The basic objectives of orthodontics and
orthognathic surgery are to meet patient' complaints, establish optimal
functional outcomes, and promote good esthetic results. To achieve this, the
orthodontist and the surgeon must be able to correctly diagnose dental and
skeletal deformities and establish an appropriate treatment plan for that
patient. Class III malocclusion is a difficult anomaly to understand.
There are three main treatment options for
skeletal Class III malocclusion: growth modification, dentoalveolar
compensation, and orthognathic surgery. Growth modification should be initiated
before the pubertal growth spurt; afterwards, only two options are possible.
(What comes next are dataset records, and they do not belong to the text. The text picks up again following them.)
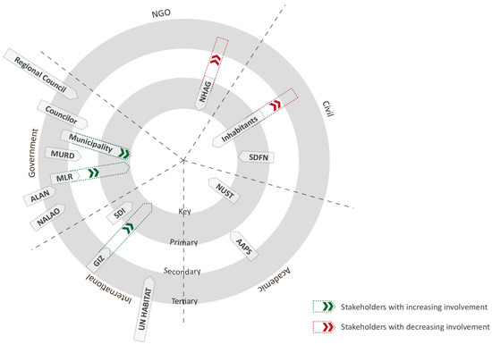 The dynamics of stakeholders changed according to their roles throughout the upgrading process. Initially, the key stakeholders were NHAG and SDFN, who conducted the settlement enumeration according to their contract with the Gobabis Municipality. At that time, and immediately afterwards, the community was more involved and made key decisions regarding upgrading and planning the re-blocked settlement, along with the town-planning students of NUST. The next phase proceeded as the Ministry of Urban and Rural Development (MURD) allocated funds for service installation and the inhabitants, along with NHAG and SDFN, provided physical labor to relocate themselves to their new plots and excavate trenches. Enumeration data were updated, the Social Tenure Domain Model (STDM) by the Global Land Tool Network (GLTN) was followed to register the data, and selected inhabitants were recruited to assist. The next steps included the participation of MLR and the municipality as primary stakeholders, which caused a shift in stakeholder involvement, as visualized in Figure 6. The stakeholders, such as the municipality, the MLR, and GIZ, although involved from the process initiation, increased their involvement during the implementation of the FLTS. They impacted the involvement of NHAG—and, therefore, as a cascading effect, the inhabitants—by leaving these stakeholders out of decision-making meetings [5]. The impact of this shifting relationship between stakeholders influenced the outputs of the inhabitants and especially women’s participation in the process.
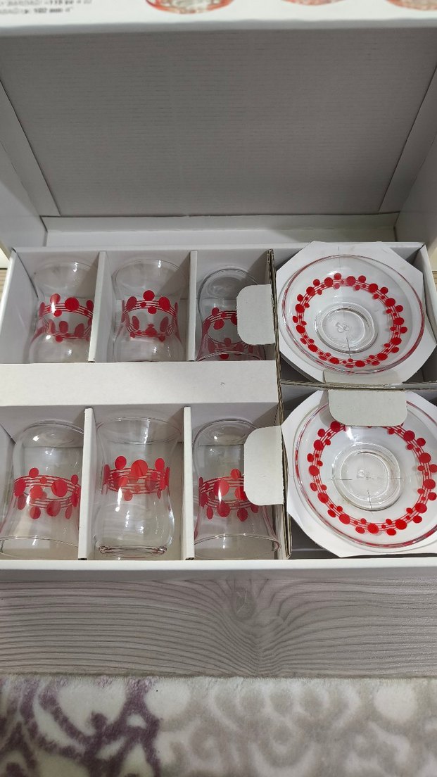 Altı adet kırmızı desenli cam çay bardağı ve uyumlu tabaklardan oluşan set. Çay servisi için uygun.
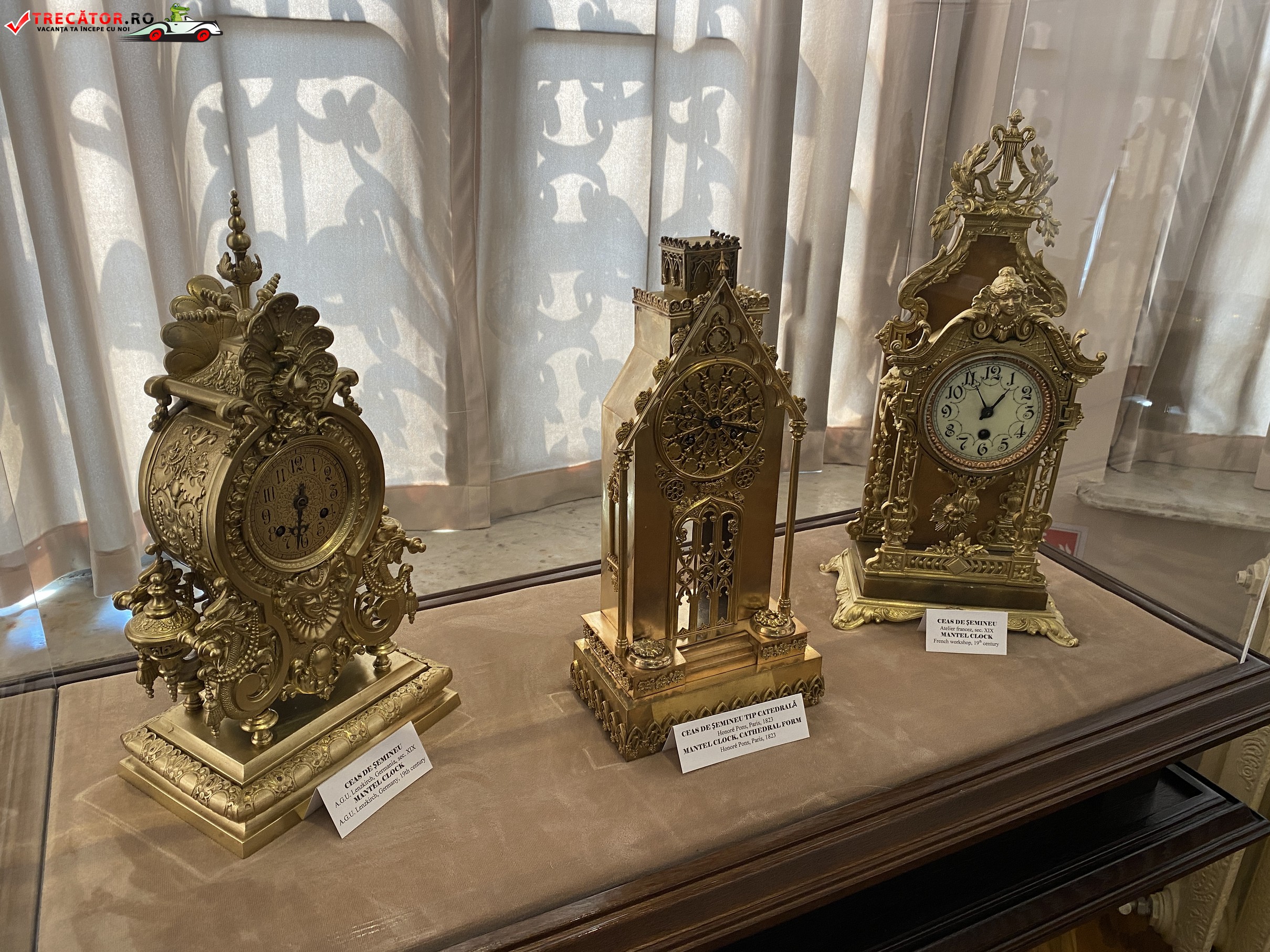 Bine reprezentate în colecţia Muzeului Ceasului sunt ceasurile de şemineu, montate în carcase din bronz aurit, cu postamente surmontate de personaje mitologice sau scene idilice.
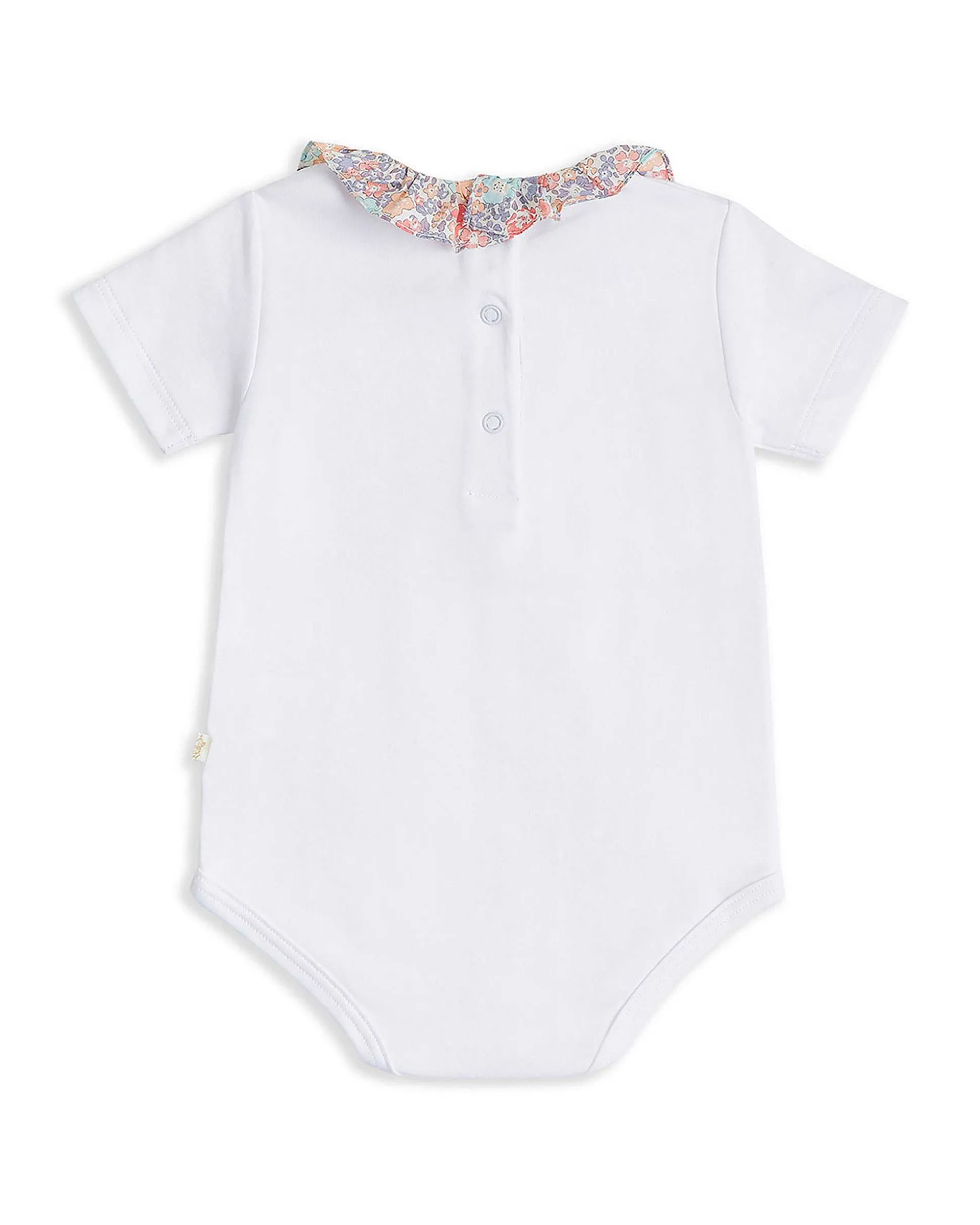 Perfect For Layering Under Rompers, Our Ruffle Collar Onesies Are A Signature Part Of The Mc Baby Collection. Made From The Finest Pima Cotton, It Has A Pretty Floral Liberty Print Collar And Press Studs For Easy Changing.
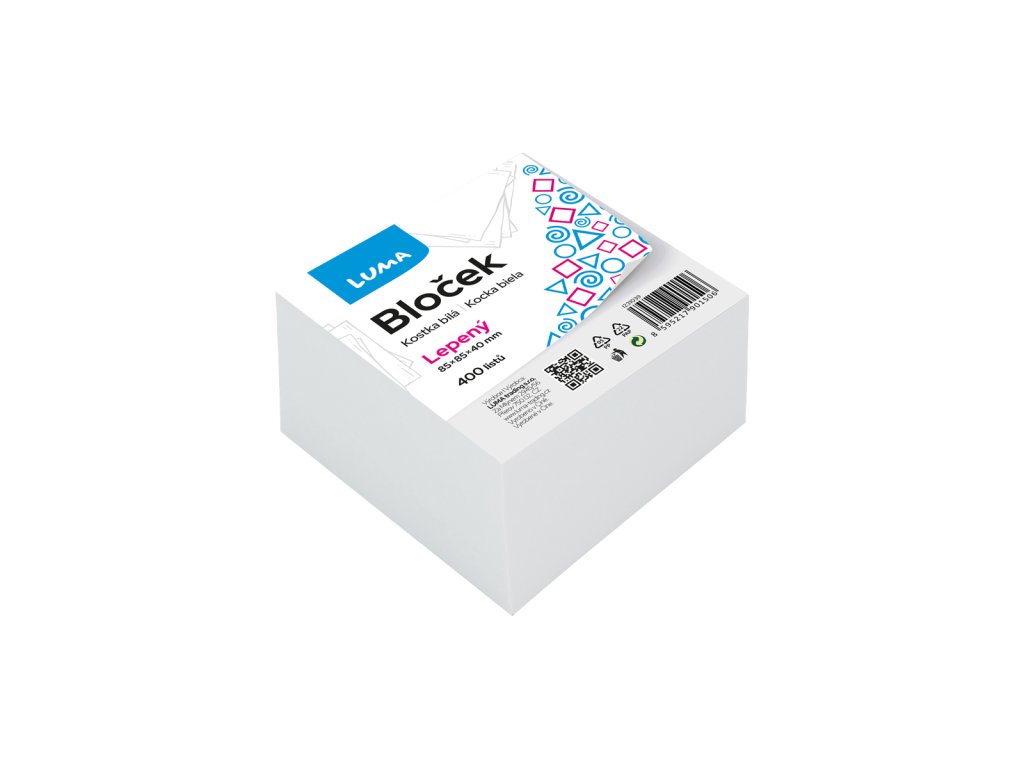 Bloček KOSTKA bílá 85 x 85 x40mm lepená LUMA
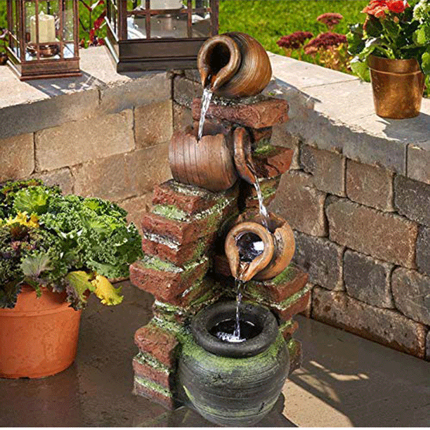 23 6 Outdoor Water Fountain With Led Lights Modern Cascading
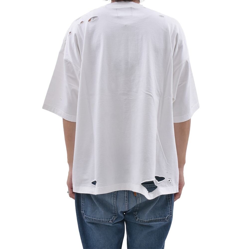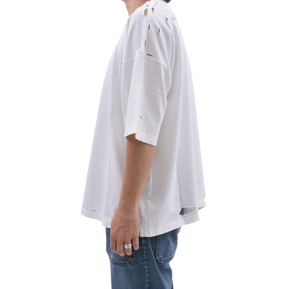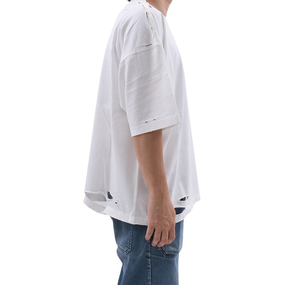This white T-shirt features an appealing minimalist design. Its subtle distressing adds a touch of individuality to a basic look. The relaxed silhouette creates a relaxed feel, making it a versatile piece that can be easily coordinated with any style. It can be worn on its own or as an inner layer under a jacket or shirt.

Thus, treatment of skeletal Class III malocclusion in an adult requires
orthognathic surgery combined with conventional orthodontic treatment aiming to
improve self-esteem and achieve normal occlusion and improvement of facial
esthetics.
Surgical treatment of Class III malocclusion
includes, in most cases, mandibular retrusion, maxillary protrusion, or a
combination of both. Mandibular clockwise rotation can also provide the same
result as mandibular retrusion, when increase of lower anterior face height is
allowed. Although the problem appeared to be a protruded mandible, the
orthognathic surgery included a counterclockwise rotation of the mandibular
occlusal plane with advancement of pogonion, segmentation of the maxilla with
advancement and expansion, and surgical protrusion of the chin. The pros and
cons of these procedures are discussed.